Items listed in a dataset

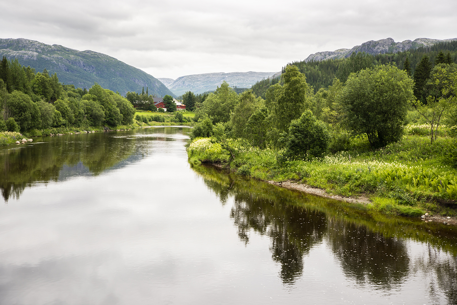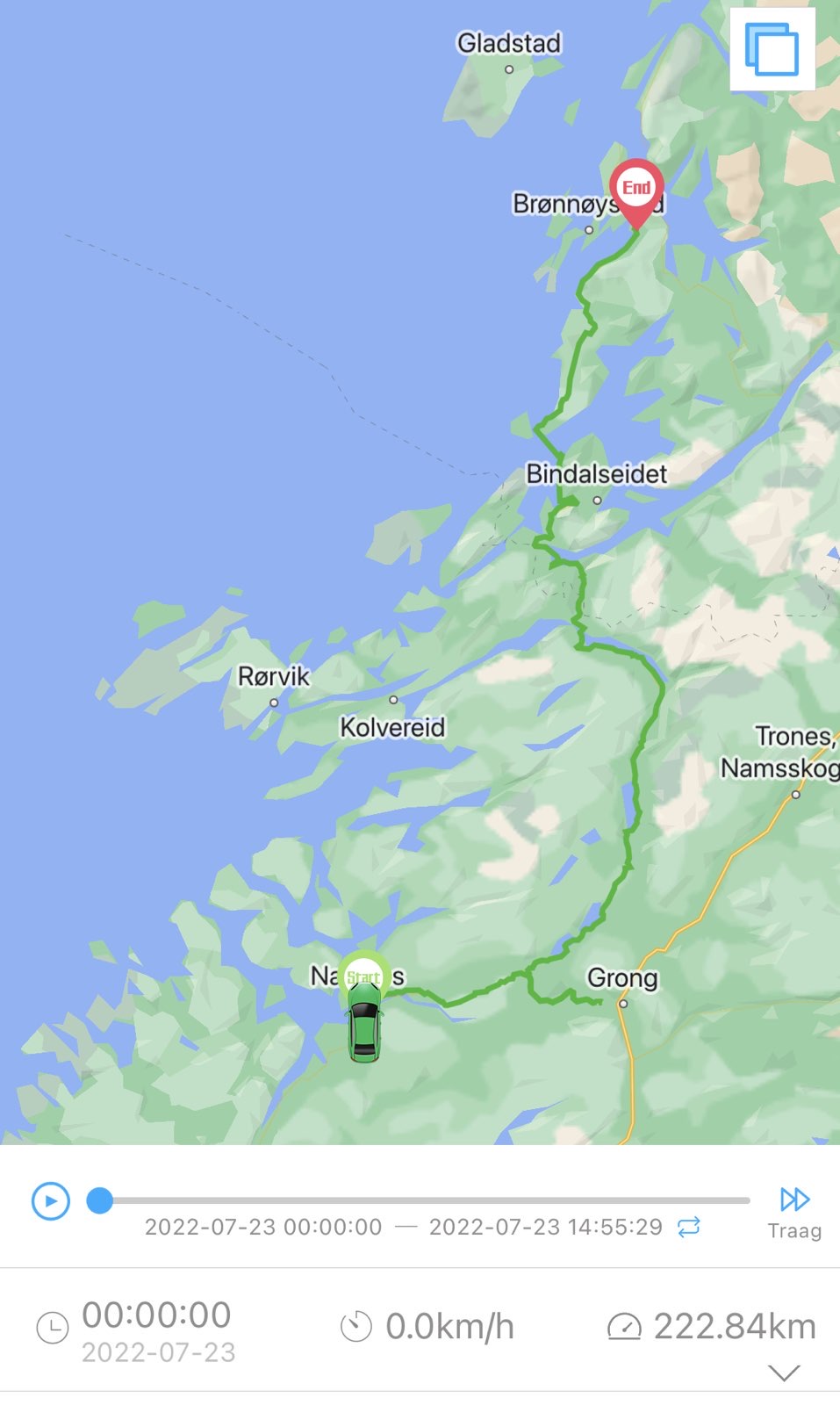 220723 Aanhoudend grijs, maar we houden het droog! We rijden vandaag het eerste deel van een schitterende route; de Helgeland kystriksveien. Het is opvallend rustig op de weg. De Amazon snort genoeglijk (echt, dat doet ie!) en neemt moeiteloos bocht na bocht. Zo mag het wel gaan.
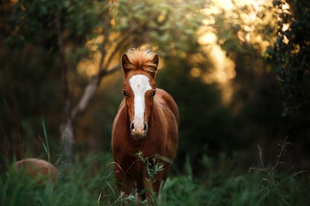 A pretty foal stands in a Summer paddock, Foal playing in a meadow
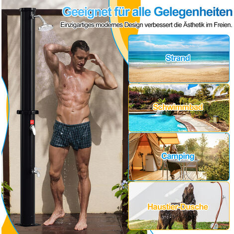 Was gibt es Schöneres, als an einem heißen Sommertag eine erfrischende Dusche im Freien zu nehmen? Diese Gartendusche von vidaXL macht's möglich! Mit einer Gesamthöhe von 220 cm und einer braunen Bodenplatte aus hochwertigem WPC-Material fügt sie sich perfekt in deinen Garten oder Poolbereich ein. Das Besondere: Sie verfügt über beide eine Kopfdusche mit 15 cm Durchmesser als auch eine Handbrause mit 1,5 m langem, flexiblen Schlauch. So kannst du je nach Bedarf zwischen angenehmem Sprühregen und gezieltem Abbrausen wechseln. Der praktische Handbrausehalter dient gleichzeitig als Ablage für Handtücher oder Duschzeug. Aus Aluminium und Edelstahl gefertigt, ist die Dusche nicht nur witterungsbeständig, sondern auch besonders langlebig. Die korrosionsbeständige Bodenplatte mit gebürstetem Edelstahl-Rahmen bietet sicheren Stand und höchste Hygiene. Perfekt also nach dem Schwimmen, nach der Gartenarbeit oder einfach für eine schnelle Erfrischung an warmen Tagen. Mit den vorgebohrten Befestigungslöchern und dem mitgelieferten Montagezubehör ist die Installation ein Kinderspiel. Verwandle deinen Garten in eine private Wellness-Oase!
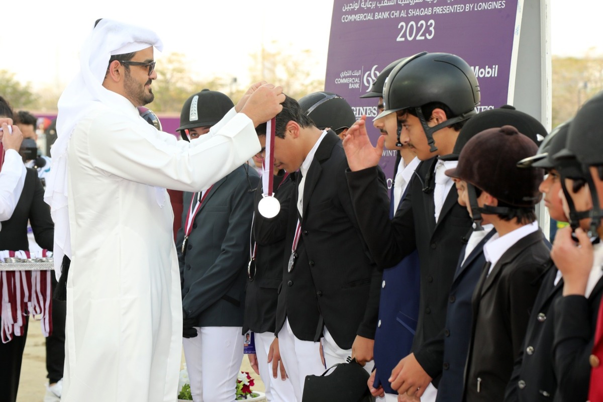 H E Sheikh Joaan bin Hamad Al Thani presents medal to a rider.
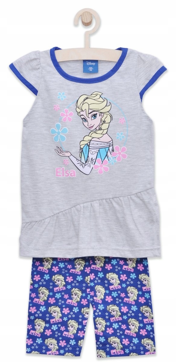 Komplet Kraina Lodu z Elzą w kolorze szarym. Bluzeczka w kolorze szarym, na przodzie nadruk Elzy. Bluzka posiada rękawki i obwódkę przy szyi w kontrastowym ciemniejszym kolorze. Na dole bluzeczki doszyta falbanka.

PROBLEM DETAILS: Omit the pictures. Write out exactly the lines from the one containing "Was gibt es" through the last line of the entries, both of them included.

TASK ANSWER:
 Was gibt es Schöneres, als an einem heißen Sommertag eine erfrischende Dusche im Freien zu nehmen? Diese Gartendusche von vidaXL macht's möglich! Mit einer Gesamthöhe von 220 cm und einer braunen Bodenplatte aus hochwertigem WPC-Material fügt sie sich perfekt in deinen Garten oder Poolbereich ein. Das Besondere: Sie verfügt über beide eine Kopfdusche mit 15 cm Durchmesser als auch eine Handbrause mit 1,5 m langem, flexiblen Schlauch. So kannst du je nach Bedarf zwischen angenehmem Sprühregen und gezieltem Abbrausen wechseln. Der praktische Handbrausehalter dient gleichzeitig als Ablage für Handtücher oder Duschzeug. Aus Aluminium und Edelstahl gefertigt, ist die Dusche nicht nur witterungsbeständig, sondern auch besonders langlebig. Die korrosionsbeständige Bodenplatte mit gebürstetem Edelstahl-Rahmen bietet sicheren Stand und höchste Hygiene. Perfekt also nach dem Schwimmen, nach der Gartenarbeit oder einfach für eine schnelle Erfrischung an warmen Tagen. Mit den vorgebohrten Befestigungslöchern und dem mitgelieferten Montagezubehör ist die Installation ein Kinderspiel. Verwandle deinen Garten in eine private Wellness-Oase!
 H E Sheikh Joaan bin Hamad Al Thani presents medal to a rider.
 Komplet Kraina Lodu z Elzą w kolorze szarym. Bluzeczka w kolorze szarym, na przodzie nadruk Elzy. Bluzka posiada rękawki i obwódkę przy szyi w kontrastowym ciemniejszym kolorze. Na dole bluzeczki doszyta falbanka.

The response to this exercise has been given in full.